One decorator binds a source query to a target table, a load strategy, and a cron schedule. A job is the atomic unit of work.

A job is the atomic unit of work in ematix-flow. One Python function + one target table + one schedule. Group jobs into a workflow to express DAG dependencies between them.

Minimum surface

from typing import Annotated
from ematix_flow import ematix, pk
from ematix_flow.types import BigInt, Text, TimestampTZ

@ematix.connection
class warehouse:
    kind = "postgres"
    url = "${WAREHOUSE_DSN}"

@ematix.table(schema="analytics")
class Events:
    event_id: Annotated[BigInt, pk()]
    name: Text | None
    received_at: TimestampTZ

@ematix.job(
    name="ingest_events",
    target=Events,
    target_connection="warehouse",
    schedule="*/5 * * * *",
    mode="append",
)
def ingest_events(conn):
    return "SELECT event_id, name, received_at FROM raw.events"
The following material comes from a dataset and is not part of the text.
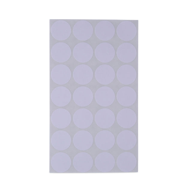 Quickly and easily identify important information or color-code documents, calendars, and schedules with self-sticking, removable, round labels. The easy-to-spot labels stick to nearly any surface and can be written on if needed to further clarify. For use with craft projects, games, schoolwork, chore charts, employee schedules, folders, bake sales, and more. Not for use in printers or copiers. 4 x 6 sheets. Shape: Round; Label Size - text: 0.75" dia; Label Color(s): White; Color Family: White.
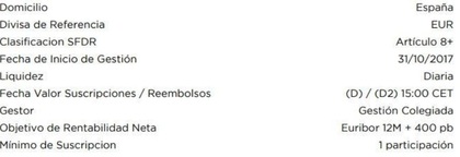 Puntos clave del fondo de inversión - Fuente: ficha comercial

That’s it. The framework creates / migrates analytics.events on first run, runs the SELECT every 5 minutes, and appends rows. Restart safety, watermark tracking, and at-least-once delivery come for free.
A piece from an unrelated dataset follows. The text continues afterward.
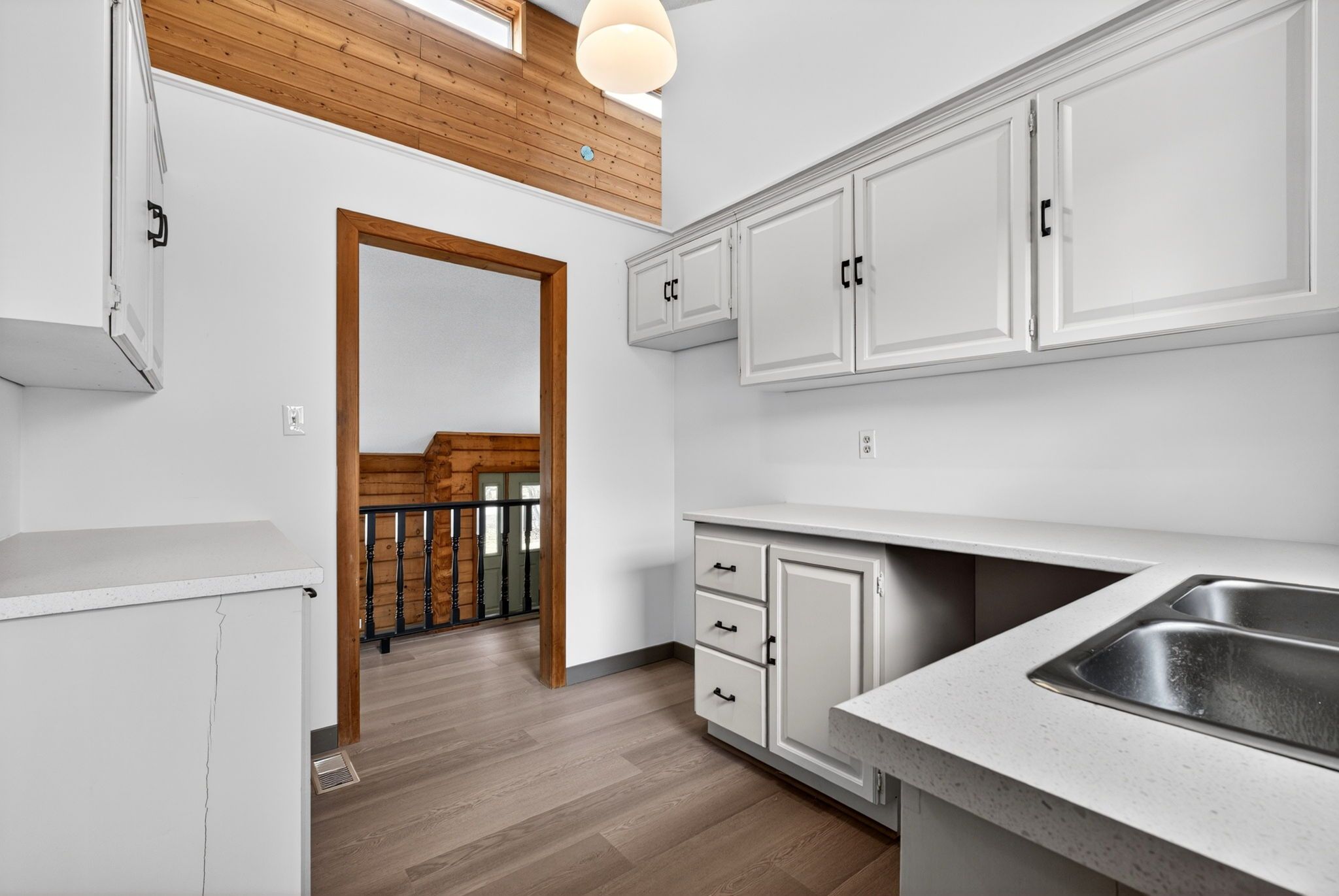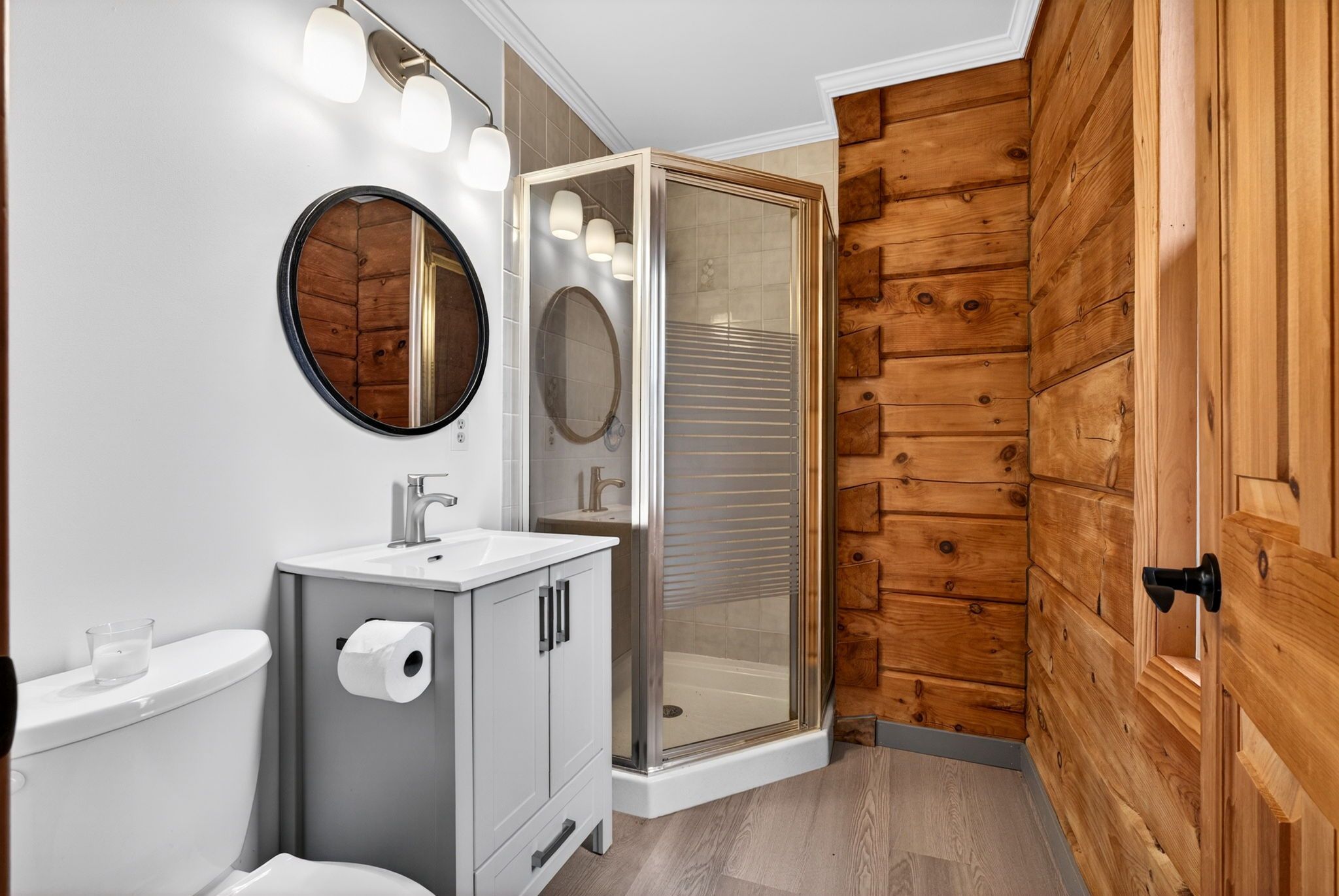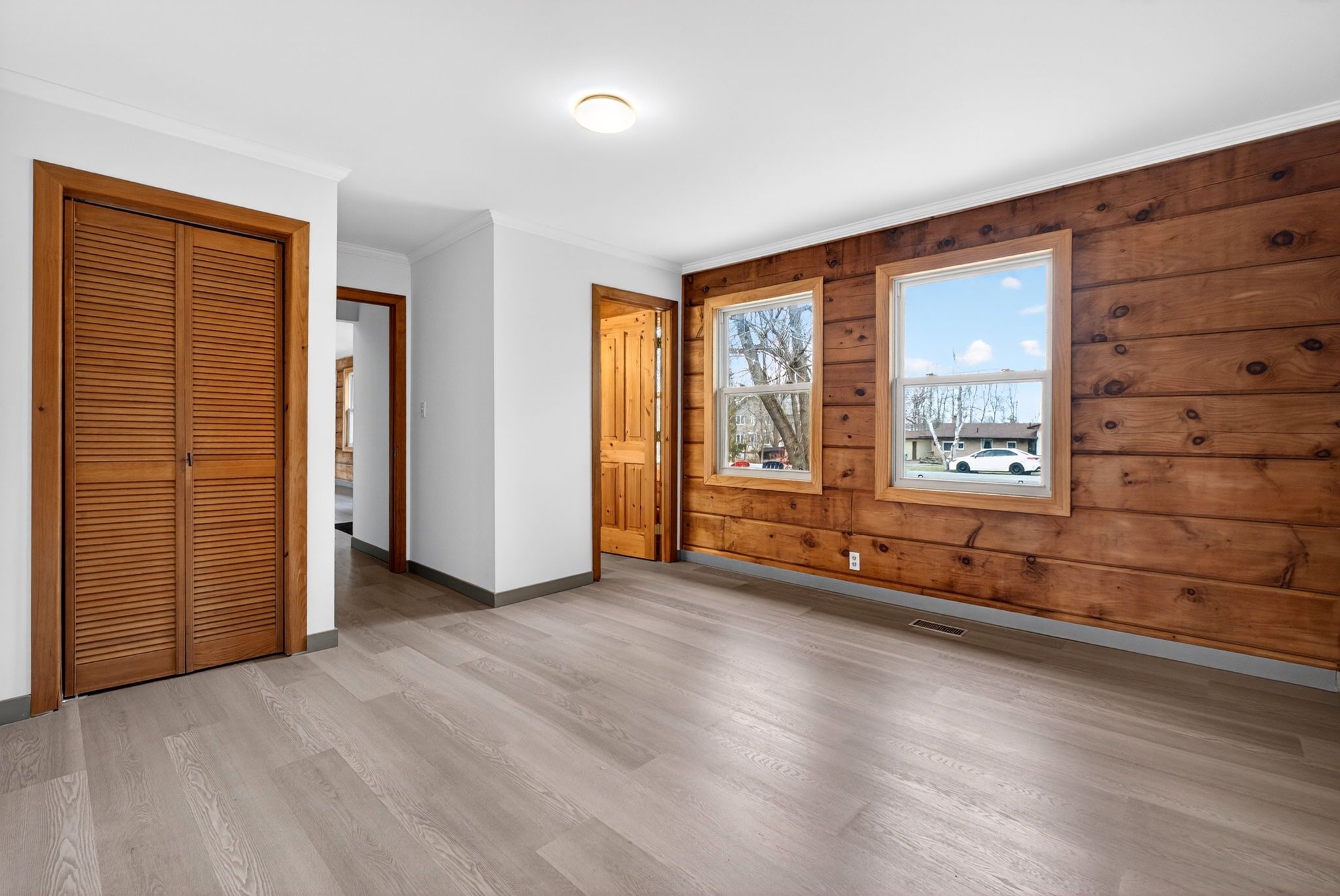 Located across from chemong lake, with beautiful water views. Set on a quiet, family friendly cul-de-sac, just shy of 1/2 an acre & nestled in the heart of the kawartha's, this 5-bedroom viceroy log split level home offers a unique blend of rustic charm and modern updates. Launch your paddle board or canoe & enjoy the lake life with right of way access without the lakefront taxes! Recently refreshed and move-in ready, the home features new laminate flooring throughout, updated bathroom fixtures and lighting, & fresh paint. The bright, three-level layout showcases soaring cathedral ceilings in the family room and transom windows that fill the space with natural light. The dining area offers patio doors that open to a large cedar deck and a private backyard surrounded by mature maple, aspen, and oak trees. The main floor offers a spacious primary bedroom with a walk-in closet and updated ensuite with new vanity, mirror, faucet, lighting, and toilet. The cozy kitchen features solid wood cabinetry, freshly painted with new hardware. Opportunity to create a beautiful open concept eating/dining area. Upstairs includes an updated bathroom with new sink, and shower surround, plus two well-sized bedrooms with closets overlooking the backyard. The sunlight filled lower level features hardwood flooring, a rec room, two additional bedrooms, and a laundry room with well-maintained systems and access to the crawl space and furnace. A standout feature is the log-faced oversized 2-car garage and workshop (approx. 810 sq ft) with 11-foot ceilings. The workshop is finished with barn board wainscoting and tongue-and-groove pine, and is equipped for future heating or stove installation. Enjoy peaceful country living with lake access, space, and versatility-just minutes from lakefield amenities.
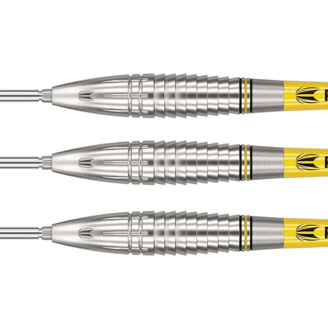 Die Scott Williams G1 SP, die gemeinsam mit „Shaggy“ nach seinen genauen Anforderungen und Spezifikationen für das Dartspiel entwickelt wurden. Der torpedoförmige Scott Williams G1 SP Barrel besteht aus 90% Tungsten und ist mit einer Kombination aus radialen Rillen, Nanoringen und CNC-Fräsungen im gesamten Barrel versehen, um den Grip für die Finger zu verbessern.

@ematix.job vs @ematix.pipeline — both names resolve to the same decorator. .pipeline is the historical name and remains supported; new code should prefer .job so the Python surface matches the Workflows/Jobs terminology the Web UI uses.

Function signatures

A job body is either:

  • def f(conn) -> str — return a single SQL string. The framework executes it against conn and streams the result rows into the target.
  • def f(conn) -> Iterator[RecordBatch] — yield Arrow batches. Same target-write path; useful for non-SQL sources or pre-aggregation in Python.

Multi-target fan-out

A single source query can feed multiple targets — same Arrow batches, no re-read.

@ematix.job(
    name="ingest_events_fanout",
    targets=[Events, EventsArchive],
    target_connection={"events": "warehouse", "events_archive": "s3_archive"},
    schedule="*/5 * * * *",
)
def ingest_events(conn):
    return "SELECT event_id, name, received_at FROM raw.events"

Cross-backend

Switching Postgres → Postgres to Postgres → Delta Lake is a one-line change: swap target_connection. Same-DB pairs take the INSERT … SELECT fast path automatically. Cross-backend moves stream Apache Arrow batches end-to-end — no row-by-row serialization, no intermediate file roundtrip.